Approach inspired by a gene mutation in Indiana Swiss Amish that reduces clotting

  • Entirely new approach to reduce severity of illness in COVID patients
  • First treatment to target constellation of factors that drive morbidity, organ damage

CHICAGO --- A gene mutation discovered in a small Amish community in Indiana has inspired the use of a new experimental drug for COVID-19 that reduces blood clotting, which is a primary driver of morbidity and organ damage in COVID.

The first clinical trial of the drug in COVID patients was just launched at Northwestern Medicine.

“This provides a whole new approach of thinking about how to reduce the severity of illness in patients with COVID — largely through the potential impact on clotting,” said lead investigator Dr. Douglas Vaughan, chair of medicine at Northwestern University Feinberg School of Medicine and Northwestern Medicine. “Until now, no one has pulled together a drug target that captures the constellation of factors that put people at high risk for bad outcomes.”

The new experimental drug reduces the activity of a protein called PAI-1 in the blood. High PAI-1 levels alone are enough to cause clotting in arteries that supply blood to the heart and the lungs in experimental models. Lower levels of PAI-1 reduce clotting, a primary driver of damage to the lungs, heart, kidneys and brain, as well as overall mortality in patients hospitalized with COVID-19. 

The leading clinical risk factors for poor outcomes in patients with COVID-19 — age, obesity, diabetes, hypertension — are all associated with increased blood levels of PAI-1 and together have an additive effect in increasing PAI-1. In fact, one of the most powerful clinical predictors of severity of illness in COVID-19 is obesity, which is also the most important determinant of blood PAI-1 levels in adults. 

Vaughan and colleagues at Northwestern have measured blood PAI-1 levels in over 30 patients hospitalized with COVID. 

“The PAI-1 levels in the COVID-19 patients tested so far are 10 times higher than normal,” Vaughan said. “Nearly 30% of these patients have levels higher than we have ever seen in adults, far beyond levels measured in thousands of non-COVID patients over the last 25 years.

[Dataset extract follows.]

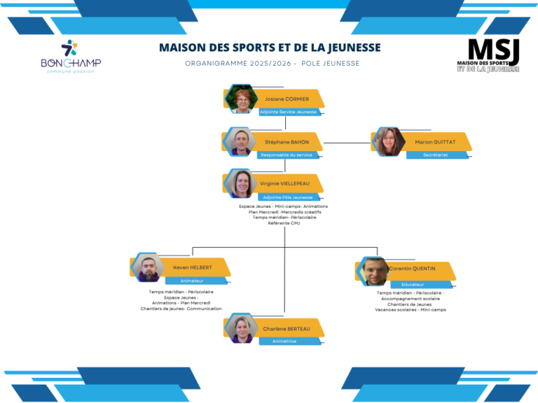 Pôle Jeunesse Mairie de Bonchamp-lès-Laval / MA FAMILLE / JEUNESSE / Maison des Sports et de la Jeunesse / Pôle Jeunesse Espace Jeunes Chantiers Citoyens Relais Info Jeunes Adjointe Pôle Jeunesse : Virginie VIELLEPEAU Courriel : responsable.jeunesse@bonchamp.fr Consulter l’organigramme du Pôle Jeunesse

This alone could drive the clotting problem and needs to be addressed.” 

The drug, TM5614, is in tablet form and will be tested in 80 high-risk patients hospitalized with COVID in a phase two clinical trial. 

In 2017, Vaughan and colleagues published a study reporting a community of Swiss Amish in Indiana had a mutation in the gene that codes for the protein PAI-1, so they produced less of it. This reduction in PAI-1 appears to protect against biological aging in a variety of ways. 

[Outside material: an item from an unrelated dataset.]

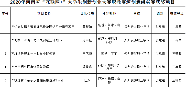 2020年8月18日-27日,2020年河南省 “互联网+”大学生创新创业大赛职教赛道省赛复赛在河南经贸职业学院举行,经过评审,pp电子“‘红旅纵横’智能红色旅游网络平台建设项目”和“‘倚枕·听潮’海岛民宿创业计划” 两个项目获省赛职教赛道“二等奖”,“三维场景展示——我眼中的pp电子”、“‘半日闲’民宿经营与管理”、“‘悦途君’亲子乐智融合旅游APP设计”等三个项目获省赛 职教赛道“三等奖”,实现了pp电子在此项工作中质的飞跃,提前完成了 “双高校”建设中此项工作既定的任务。

“We now know that age is the most important risk factor in patients with COVID-19,” Vaughan said. “Knowing the relationship of PAI-1 to aging itself is another emerging connection as to how PAI-1 might impact on the severity of illness.”

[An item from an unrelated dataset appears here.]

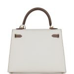 Hermès Special Order (HSS) Kelly Sellier 25 White and Etoupe Epsom Gold Hardware (HANDMADE)

The drug is now being developed to potentially prevent a variety of aging-related diseases based on research findings from the Vaughan laboratory. Vaughan is the leading physician-scientist in the world in the study of PAI-1, and his research has almost exclusively focused on PAI-1 for more than 30 years. He showed years ago that excess PAI-1 alone will make animals have heart attacks by causing clotting in the coronary arteries. 

It turns out PAI-1 is a unique factor that impairs the function of all three internal systems that protect us from clotting.

The drug TM5614 was originally developed in Japan based on the idea that inhibition of PAI-1 might be useful in slowing the progression of kidney disease in patients with diabetes. Based on work done in Vaughan’s laboratory at Northwestern and in others around the world, evidence shows that PAI-1 contributes to a number of different metabolic, cardiovascular, fibrotic and aging-related disorders.